The neurons, which have equivalent genes in mice and in humans, provide a new avenue for research on the basic biological underpinnings of social behavior, said co-author Philip Washbourne, a professor of biology and member of the UO Institute of Neuroscience who has studied autism genes for almost two decades.
University of Oregon scientists have identified brain cells vital to how zebrafish socialize. When the neurons are disabled, their orientation to one another breaks down in ways similar to socialization problems seen in humans with autism spectrum disorders and schizophrenia.
The discovery is detailed in a paper published online July 26 by the journal Current Biology.
Early in the National Institutes of Health-funded study, lead author Sarah J. Stednitz, a doctoral student, noticed a regular pattern of behavior between two fish interacting socially. When placed in adjacent tanks they engaged in a get-to-know-you swimming pattern, despite the presence of a clear dividing panel between the fish.
The observation prompted the six-member research team to apply a drug known to impair the function of neurons needed for social interactions in mice. Expecting to see behavioral disruptions in the drugged fish, which the researchers did, they also saw reduced orienting behaviors by the healthy fish.
As the project progressed, fish were exposed to non-fish objects, which failed to initiate social orienting. Eventually, the research team concluded that zebrafish copy each other’s motions and are dependent on another socially engaged fish to begin social orienting. The presence of another fish that is not socially engaged is insufficient to trigger interaction regardless of their proximity, a finding that mirrors reciprocal social interaction in humans.
The neurons involved in the study are in a region of the fish brain that is theorized to be the evolutionary and functional equivalent for the regulation of memory, emotion and social behavior in mammals. The research team noted that the findings “are promising for future studies into the visual circuitry required to drive social behavior.”
The study came amid a shift in the approach to autism-related research in Washbourne’s lab.
“We’ve been studying genes associated with autism and how they might work at the synaptic level in zebrafish,” Washbourne said. “We’d done a lot of that in the spinal cord, but it wasn’t very satisfying, because, in the end, people with autism don’t have deficits in very simple reflexes.

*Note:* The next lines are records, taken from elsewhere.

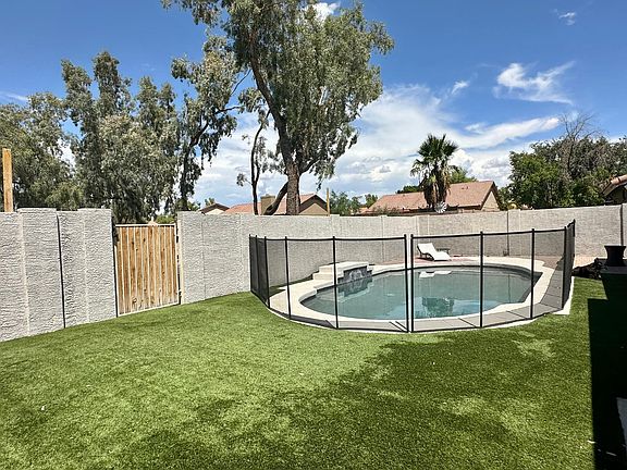 Welcome to your dream home in Gilbert, AZ! Did someone say fenced yard with a pool that backs onto a park biking distance to downtown Gilbert, Freestone Park AND a 5 min drive to highway access on 60?! This spacious and updated 4 bed, 2 bath single-family unit offers vaulted ceilings, modern upgrades, a fenced-in pool to keep you cool and the kids safe, a 2-car garage with an electric car 220 volt outlet. Inside, you'll find amenities such as brand new updated bathrooms with soaking tubs, dishwasher and washer/dryer. The master bedroom boasts additional sliding doors for you to step out onto the yard. Out front, you'll find a carefully designed desert landscape with low maintenance plants. And out back, you'll enter your oasis with a covered deck, fenced in pool, and ample yard space for kids and pets. Owner covers: Front yard maintenance and pool servicing Tenant covers: Electric, internet, water/trash Must fill out application with zillow credit and background check
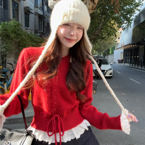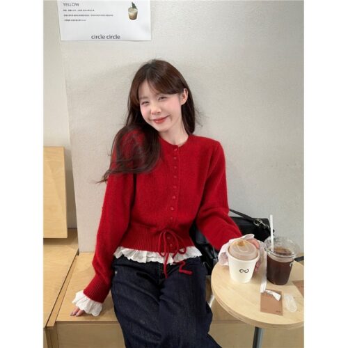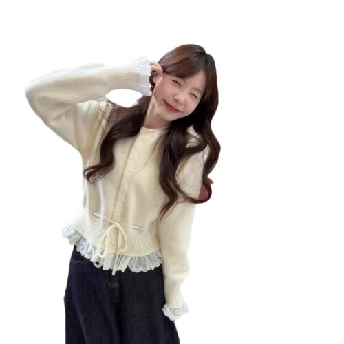 Lavender Knit Cardigan is the ultimate cozy addition to your seasonal wardrobe. This unique Defined Waist Sweater allows you to adjust the fit for a flattering silhouette, while the intricate Lace Patchwork Cardigan detailing provides a vintage-inspired charm. Perfectly capturing the Soft Girl Aesthetic Top trend, it features a delicate Ruffle Hem Knitwear finish that pairs beautifully with skirts or high-waisted trousers for a quintessential European look.
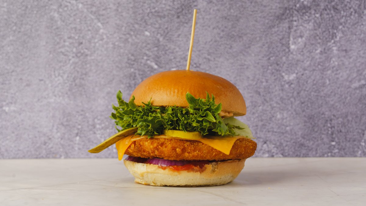 Paneret Crispy kylling i brioche-bolle med fyld af chili mayo, ketchup, rødløg, salat tomat, syltede agurker og cheddar.
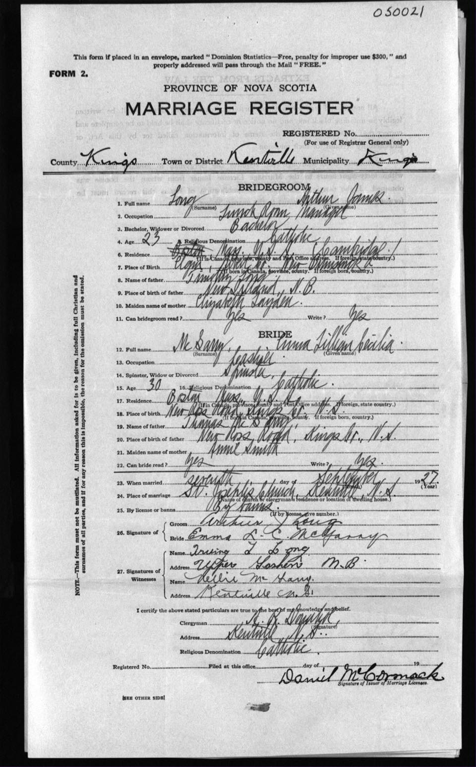 Registration: Year: 1927 number: 5021
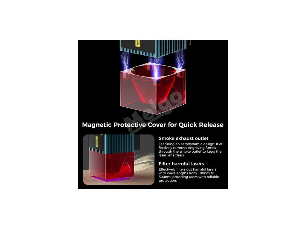 Laserové gravírovacie zariadenie C1 možno používať s ochranným krytom, ktorého pridaním sa zariadenie dostáva do súladu s normami pre laserové gravírovacie zariadenia triedy 1. Dvere sa po otvorení zastavia, čím sa zvyšuje bezpečnosť.
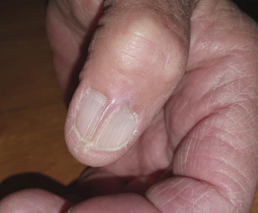 Jean-Philippe, 68 ans, consulte pour une déformation unguéale du premier doigt de la main droite apparue à la suite d’un traumatisme par mauvaise manipulation d’une perceuse (

“I wanted to find a way to get at more complex behavior that might be affected by mutations in autism genes,” he said. “We thought of social behavior, which probably uses the kind of synapses that are affected in autism.”
Initially, Stednitz set out to explore basic social behavior in zebrafish using an approach used by other scientists to study shoaling in fish.

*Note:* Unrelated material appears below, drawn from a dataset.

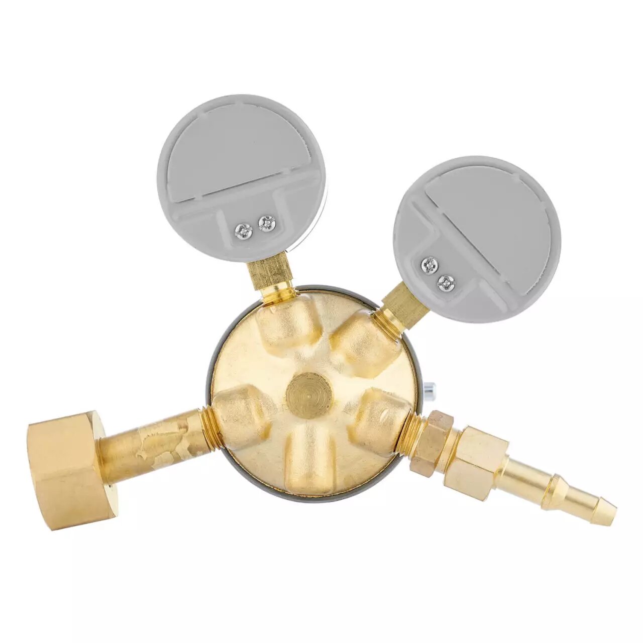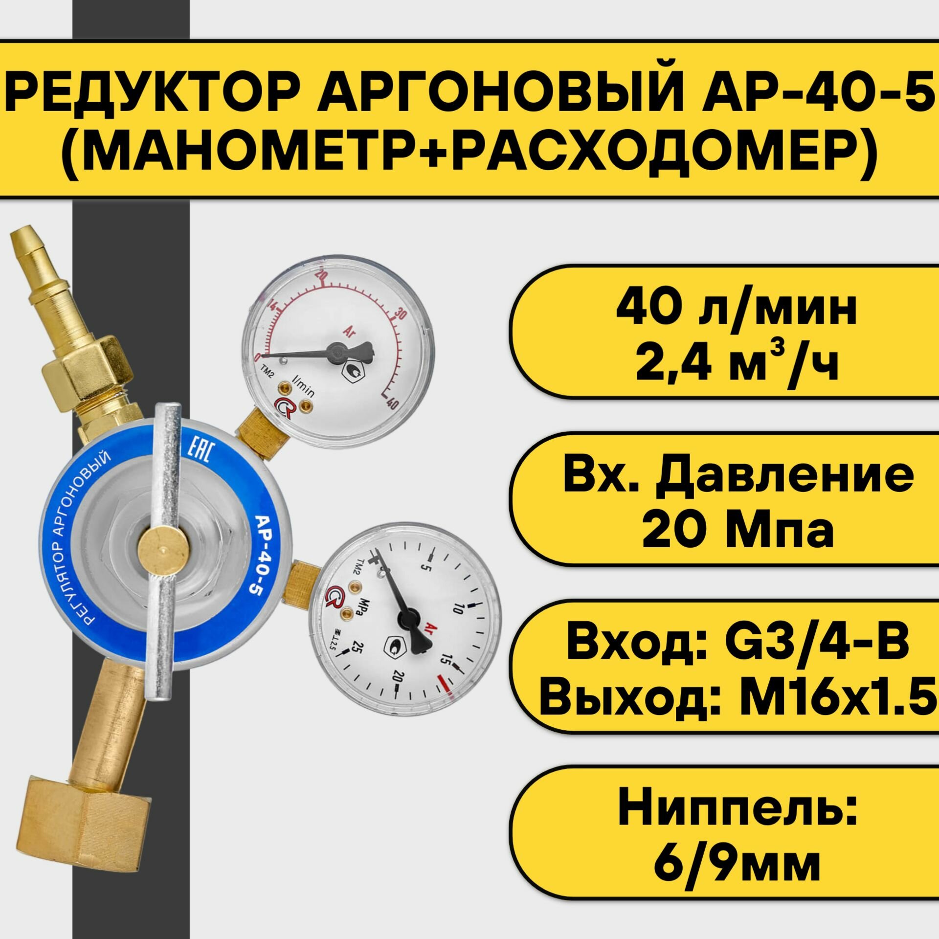 Регулятор расхода газа АР-40-5 предназначен для понижения давления газа и автоматического поддержания постоянным заданного расхода при питании постов и установок в среде защитных газов. Корпус регулятора изготовлен из латуни. Позволяет производить тонкую настройку рабочего давления. Срабатывание предохранительного клапана происходит при давлении в 1,6 МПа. Регулятор используется в цеховом производстве средней интенсивности. Особенности: Регулятор расхода газа укомплектован универсальным ниппелем, что позволяет использовать резинотканевые рукава с внутренним диаметром 6 и 9 мм без дополнительных переходников. Регулятор упакован в индивидуальную картонную коробку, что исключает бой манометров и обеспечивает сохранность комплектации во время транспортировки и хранения на складе. Комплектация: Регулятор расхода газа АР-40-5 в сборе – 1 шт. Руководство по эксплуатации – 1 шт.
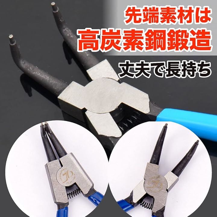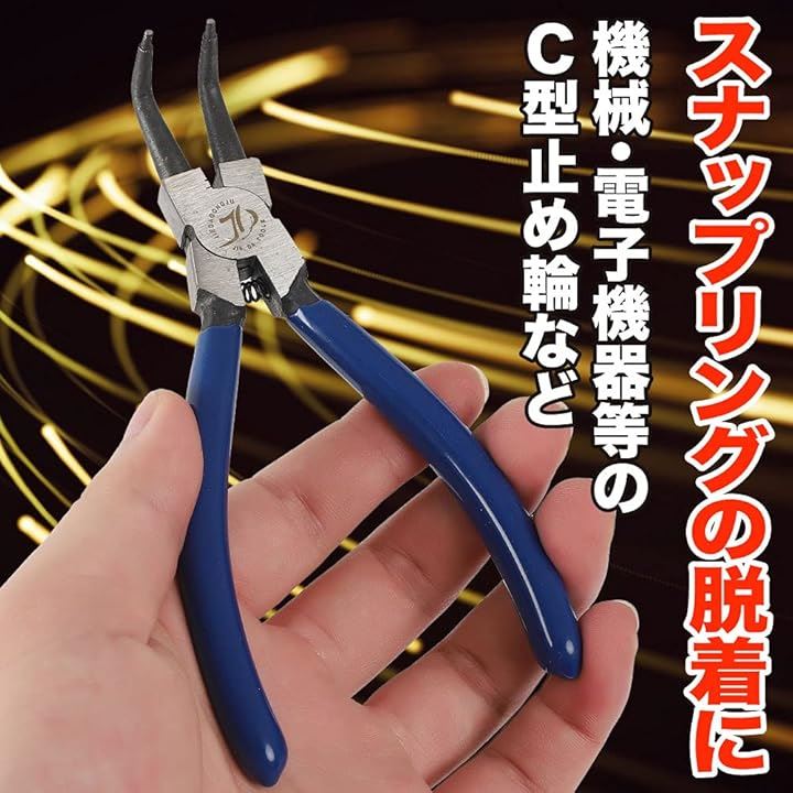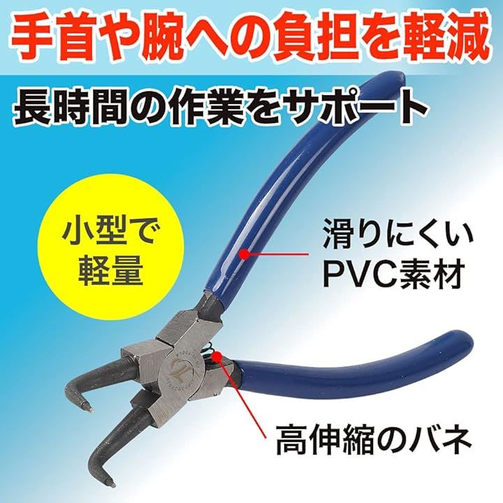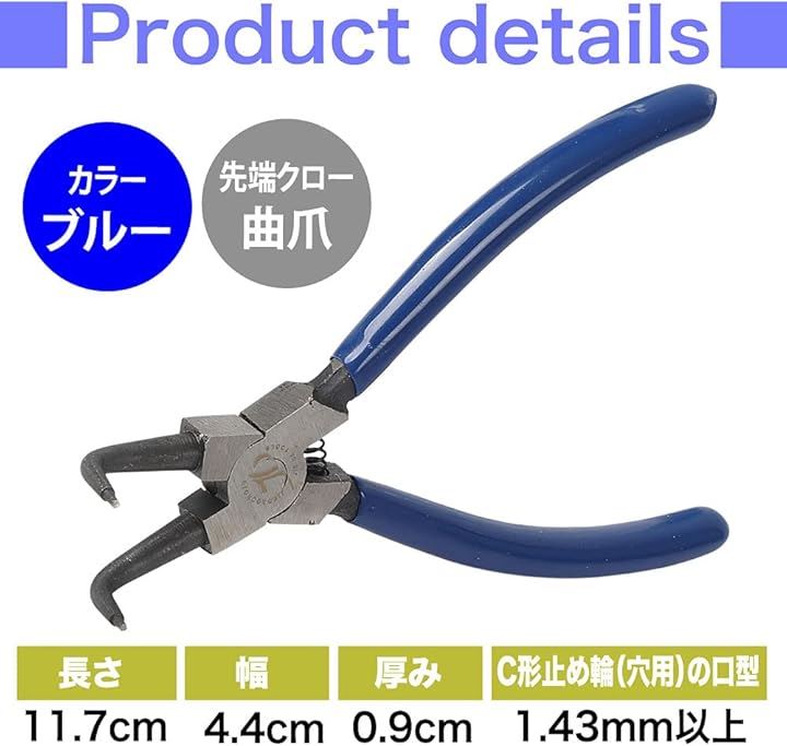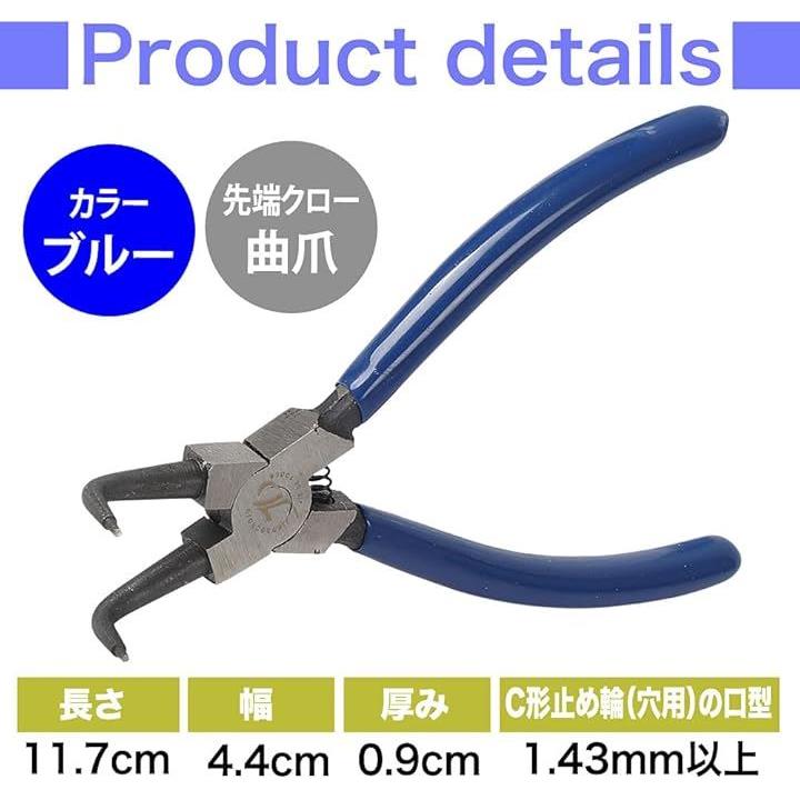 スナップリングプライヤー 曲爪 軸用曲爪 C型止め輪着脱 バネ付き 穴用 工具 作業 修理 先端径1.43mm

“Zebrafish are social animals,” Washbourne said. “They like to hang out together in groups. They shoal, they don’t school unless threatened.”
Shoaling refers to how fish interact in proximity with others, as opposed to schooling where fish swim in groups moving in the same direction.
For the research, the UO team developed novel software to help measure the orientation of fish during social behaviors of some 500 zebrafish.
Definitively making a jump for human implications of the research is a long way off, but the prospect is intriguing based on the study,” Washbourne said. “For now, what we’re trying to do is make a model of autism,” he said. “What we did in this study doesn’t make a model.”
In her subsequent work, Stednitz is working with mutated genes in zebrafish that may be the equivalent to mutated genes in humans to see if the fish have deficits in social behavior and are, in essence, autistic.
“If and when we have a mutant zebrafish that has deficits in social behavior, then we can ask, what can we give that fish to improve its social interaction? That could lead to drug screens and testing,” Washbourne said.